I was in a home the other day that had a new detached garage put on the property. I was told that the electrical was inspected and passed. In are area the home is always grounded to the water service and then jumped over the meter. In this case the ground was disconnected as well as the jumper. My Question is, how can I truly tell if the home is grounded. I know that receptacle testers will not tell you so how do you know???
In my inspection I recommend further evaluation and repair by a licensed Electrician but wanted to know how we can check it for ourselves.
Suspect Ground is incorrect , Please have this checked By an electrician immediately .
I recommend you do not get to involved .
I am a retired electrician and want to stay away from Difficulties , hope you do too.
The water pipe, if 10’ long in contact with the earth, is required to be used as grounding electrode. If it isn’t connected, the system is still grounded because the grounding is actually accomplished by connecting the neutral (grounded conductor) to the equipment grounding conductor by the use of the main bonding jumper. This would take place in the service disconnect or panelboard that contains the service disconnect.
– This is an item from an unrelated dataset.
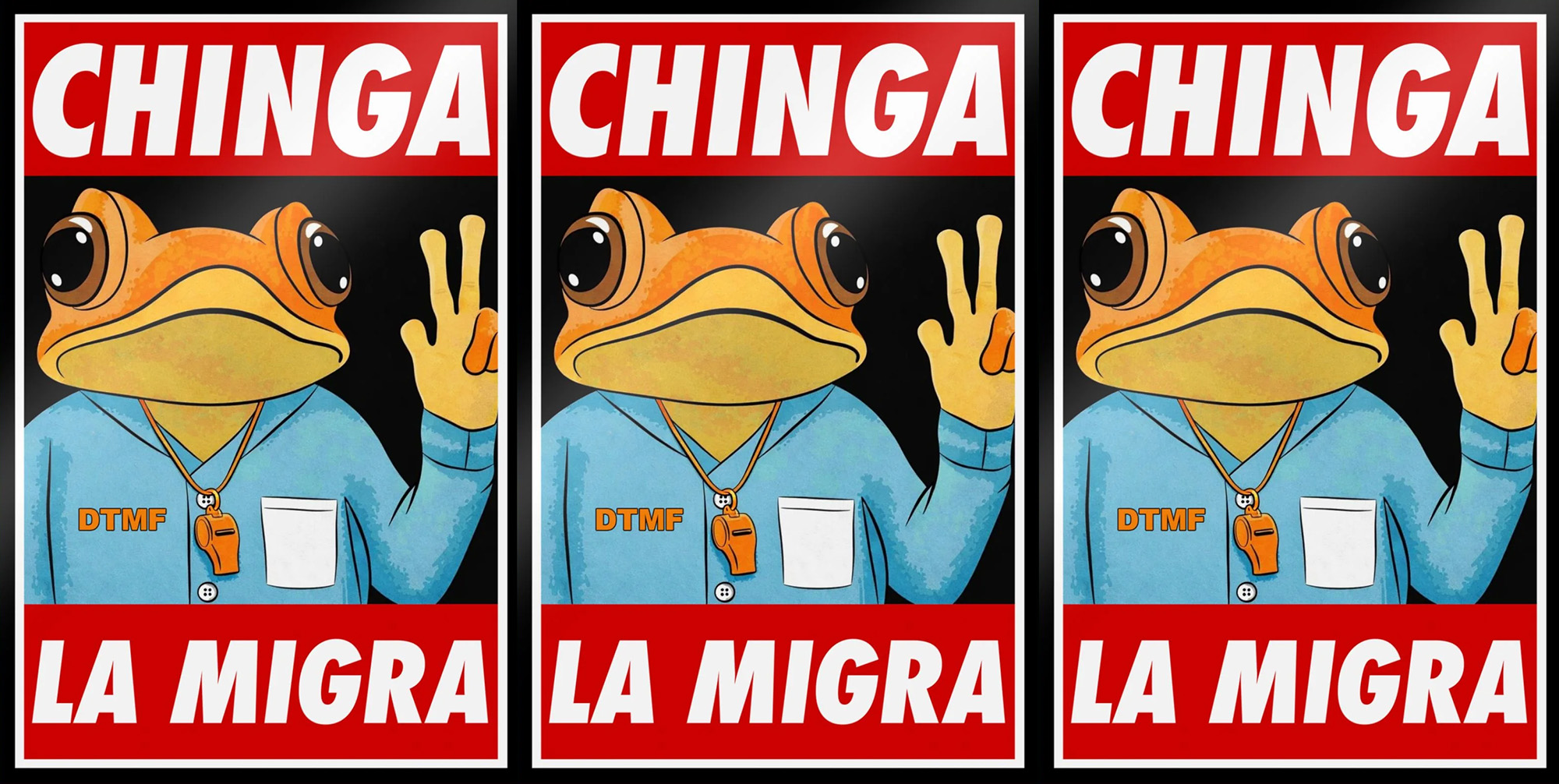The design is simple: Sapo Concho staring directly at the viewer while bold Barbara Kruger-style letters spell out “Chinga la Migra” or “Fuck ICE.” Around his neck, Sapo Concho wears a whistle similar to those used by volunteers with rapid response networks trained to spot ICE activity and alert vulnerable community members.

If the main bonding jumper were present and properly connected you would find an extremely low resistance between the neutral conductor and the EGC.
The connection or disconnection of the grounding electrodes would have little or no affect on the resistance between the EGC and the neutral.
Thanks guys, I thought the same thing as you Roy. Don’t get involved. Just thought there might be some way of checking to see if they had installed a new grounding rod and that is why they dissconected the old one on the water pipe. There was no indication that this had been done. Some one told me if I used a pigtail light and inserted one side into the hot and the other into the nuetral and check the brightness of the bulb. Then try it again but with the one in the ground. If they were the same it was good but if it was less it is deficient. Seemed like a cheap and corny way to do this.
Greg, whoever told you to do that does not understand the purpose of the ground rod/water line ground. These have no part in the normal operation of a properly grounded circuit. Robert explains this in his post above.
Grounding electrodes are for high voltage events like lightning and power surges.
I agree with you guys that the grounding system should be checked by an electrician. Given the sophistication of testing equipment I don’t see where testing with a lamp is a good idea.